Using reducers to produce a new application state stream
Now that we have the reducer functions, we need to define a new perceptible stream that takes the conduct stream and the initial state, and goods a new state.
Its time to use the driver, the
scan operator. This operator catch a stream and creates a new current that afford the output of a reduce function over time.
What we are doing here is catching the current state of the operation, starting with the initial state, and then constantly calculate the new state as a conclusion of the previous case and the action itself.
The amount of
scan is also an appreciable whose values are the any states of the operation over time.
And that’s it! As the Redux docs themselves mention, an different to Redux is a few lines of RxJs! But there are closed a couple of loose ends we will look into.
Avoiding reducer functions from being called multiple times for one action
While debugging an function built like this, you will attention that if you add different application state buyer (like multiple
async pipes), the reducer functions will be hit multiple times, one for each subscriber.
Although there is nobody fundamentally wrong with that, for the sake of candor of debugging you perhaps want to insure that the reducer functions are only bring out once per action dispatched, like in Redux.
For this we introduce the second RxJs operator we will use, the share operator (see here for more on that):
There is another loose end, which is how to use the function state apperciable in an application association scenario.
Ensuring that the application state observable can be consumed at application startup
You might want to add the function state apparent and use it in city in your application where your whole app is not totally setup yet.
For example, at application association time, like here. This will not work the way you expect, because its possible that not all donor are wired at the point the first application state value arrival.
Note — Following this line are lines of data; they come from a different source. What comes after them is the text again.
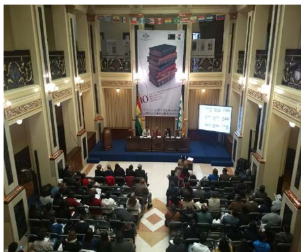
Aspecto de la clausura en el Museo Nacional del Arte.
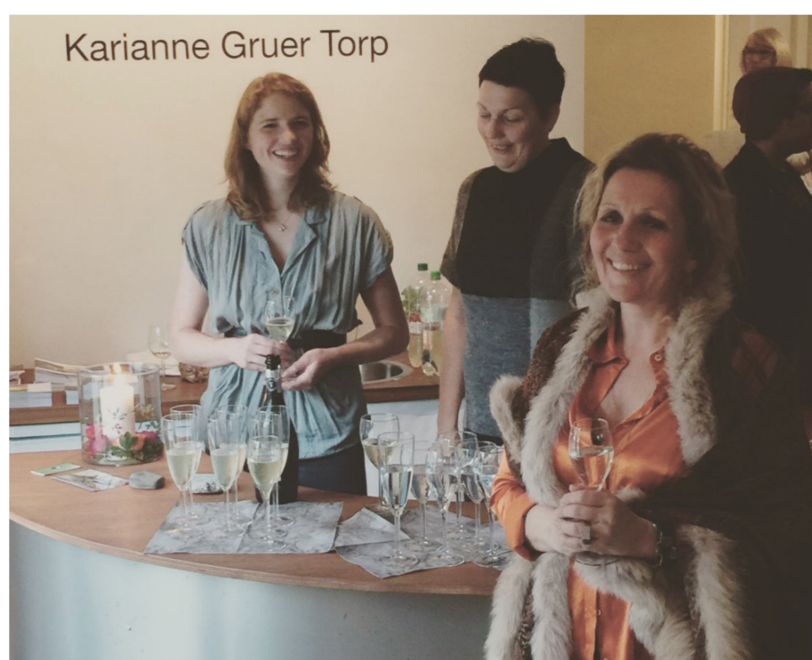
Glimt fra vernissage til åpningen av "Fjord og fjell", på Hole Art Center.

Hun er svært fornøyd med progresjon i egen kunstnerkarriere.
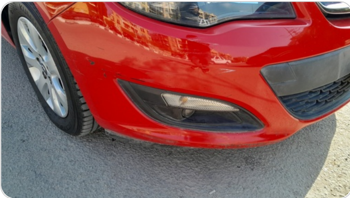
الاكصدام الامامي :
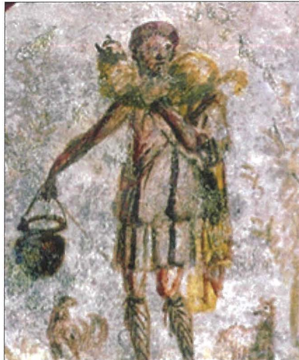
Ir-Ragħaj it-Tajjeb fil-katakombi ta' San Kallistu f'Ruma madwar 200 W.K. ( http://frederica.com/ )

Fil-pittura ta' fuq il-faccata, Sant'Anna u bintha Marija jidhru nies tal-lum. Fil-fatt il-mantell aħdar mhuwa xejn għajr xalla li tilbes mara llum il-ġurnata. Din saret bi ħsieb, għaliex il-preżenza ta' ommna Marija u binha Ġesù għadha attwali u għal min jemmen, isib li huma preżenti fir-realtajiet iebes tal-lum.
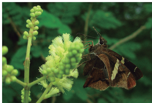
Figura 8 - Oechydrys chersis en flores de Acacia bonaerensis .

Oechydrys chersis chersis (Herrich-Schäffer, 1869) Fajada de Matorral
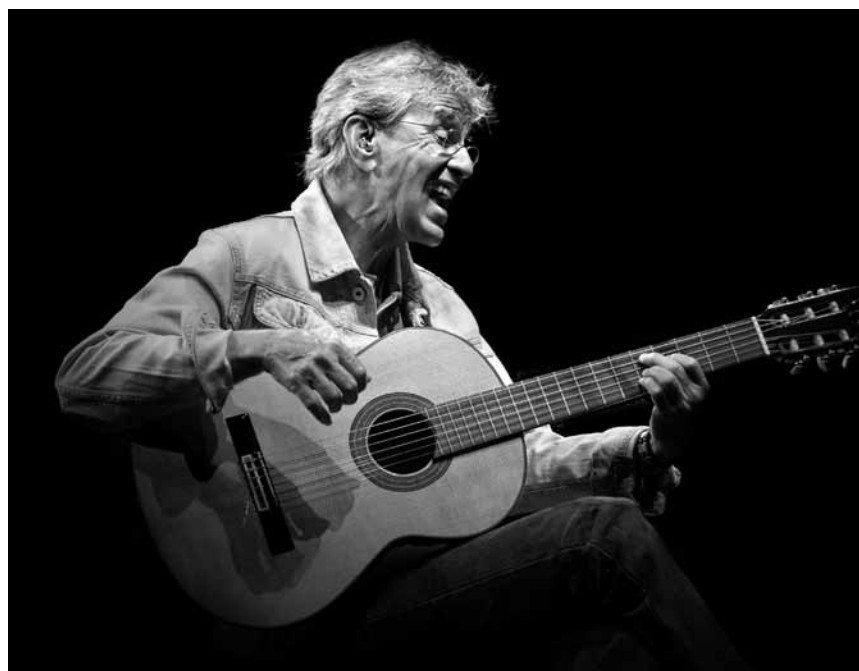
Caetano Veloso est une légende dans son Brésil natal - il passera à la Philharmonie le 14 mai.

Ro' Gebhardt, The Liquid (15, rue Münster), Luxembourg, 21h30. Tél. 26 20 52 98-1.

The explanation for this is to cause the function state observable a current that when subscribed always arrival the last value, even if it was spew in the past before the subscription took place.
For this, we need to wrap the plain state apparent into a
This will ensure that subscribers will always accept at least the basic state value.
How should pure components use dispatcher and state
Pure factor can receive observables as input current, but they should not have the dispatcher or case observable insert into them, as this would pickle them to this particular application, making them not recyclable.
If a pure basic wants to dispatch an action, it rather issues an event via
EventEmitter, and its the good component that will ante up to the event emitted it and in response dispatch an action.
Comparison of building Angular 2 apps with Redux
Let’s keep in mind that we will before need to know RxJs to use Angular 2, because Observables are part of the Angular 2 API for stuff like Forms or Http.
And as per the docs of Redux itself, the same approch as Redux can be resolve in RxJs using the scan driver and a couple of operators more, as we have just saw. Also RxJs is before shipped with Angular 2.
So it would seem to make impression when coming across use capsule that require Flux to appliance them in RxJs instead of Redux, if by anything else by a matter of using a library we already have to know how in any case. Using a Redux implementation made in RxJs like ngrx is a good way to go too.
In the end the solid approach around Redux are more large than the library itself.
Another available alternative to separate atom of state function is to build an application around the notion of observable data services.
Its still early for the Angular 2 community to know what will a typical Angular 2 application look like, and how state will be handled.
With all these benefit, its easy to baggy sight of thing important. There are for sure ways to do Flux-like apps in Angular 2, but the main question is do we really need a Flux-like architecture for our entire application?